Вздрогнув, она открыла глаза, посмотрела наверх и увидела свечение вокруг головы статуи Пресвятой Девы, сияние такое яркое, что не различишь лица. Дрожащая Тереза прикрыла глаза рукой, но подняться и убежать не смогла.
– Имей в виду, – сказал голос, – ты сделаешь мне большое одолжение, если не будешь больше читать молитвы.
Юная Тереза, не найдясь, что бы такое сказать умное и значительное, спросила:
– Почему? – и тут же пожалела о своем нахальстве.
Глубокий вздох раздался из-под яркого сияния, вздох, выражавший, казалось, всю мировую скорбь.
– А как бы тебе понравилось, Тереза, все это слушать? Только представь, для одного полного цикла на четках мне приходится шесть раз выслушивать «Отче наш», апостольский «Символ веры», шесть «Славен будь», длинную литанию, заключительную молитву и пятьдесят три раза «Богородица-дева, радуйся». Некоторые осиливают все пятнадцать таинств, и тогда мне приходится выслушивать «Богородица-дева, радуйся» сто пятьдесят раз.
– Сто шестьдесят пять, – поправила Тереза.
– Совершенно верно, – ответил голос, – и терпеть это уже выше моих сил. Вообрази, ежеминутно миллионы людей по всему миру в неприличной спешке тарабанят молитвы. Такое впечатление, будто голова постоянно засунута в улей, где гудят рассерженные пчелы. Если хочешь вознести молитву, пожалуйста, читай «Богородица-дева, радуйся» только раз для каждого таинства, и медленно, со вниманием.
Тереза, ничего не принимавшая на веру, возразила:
– Но, Пресвятая Матерь, в моем молитвеннике сказано, что у Фатимы ты настаивала, чтобы мир читал эти молитвы, и там еще говорится, что четки дали святому Доминику, чтобы одолеть ересь.
Раздался еще один невероятно тяжелый вздох:
– Говоря между нами, святому Доминику за многое придется ответить. Ты сделаешь, как я прошу?
– Да, Пресвятая Матерь, – сказала Тереза, по-прежнему прикрываясь рукой от несказанного, а теперь и пульсирующего лучезарного сияния.

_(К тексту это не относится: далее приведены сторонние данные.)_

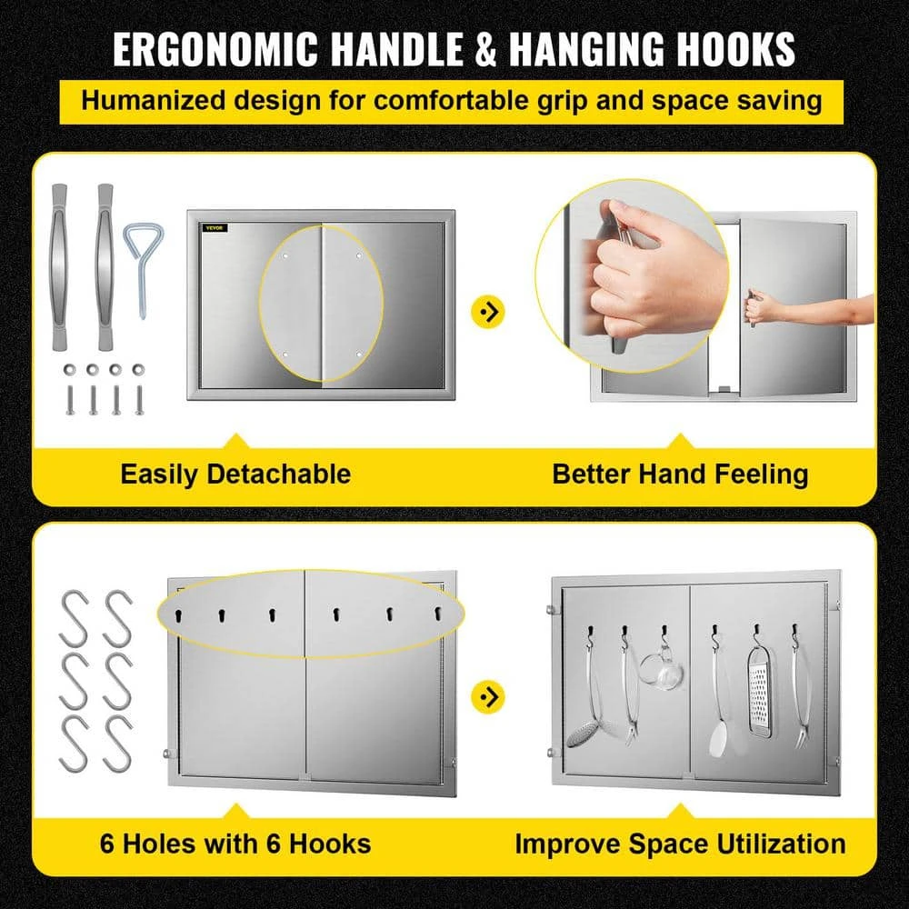 - Ergonomic Handles: The exquisite and ergonomic handles on the BBQ access doors delight each opening with comfortable hand feeling and are not easy to scratch your hand. Open the doors, and you will find 6 holes for hanging hooks on the inner wall. 6 sturdy hooks are also provided, which allows you to hang BBQ tongs, gloves, and other grill stuff inside the doors to save space

– Еще одно, – продолжил голос, – у меня весточка тебе от Моего Сына. Он говорит, ты должна научиться любить Его не только истинного, но и каким найдешь Его в своих собратьях.
С этого момента в городке Ринконондо не молились по четкам, а Тереза искала Иисуса в лицах родных, в беззубых физиономиях нищих бродяг, в выражении глаз мэра, в наигранной лихости городских шлюх и в объятиях человека, с которым прожила всю жизнь, – он умер незадолго до того, как ей исполнилось семьдесят. Когда это случилось, Тереза купила у батрака дона Маскара другую обезьянку-капуцина, рассудив, что этой невинной любви ей хватит дотянуть до собственной кончины, когда все, как и полагается, вернется на круги своя.
Тереза сидела на площади и лущила каштаны, время от времени скармливая ядрышки своей подружке обезьянке, когда во главе отряда из двадцати головорезов – большинство верхом на мулах и лошадях, и все вооружены ружьями и мачете, – в поселке вновь появились отец Валентино и отец Лоренцо.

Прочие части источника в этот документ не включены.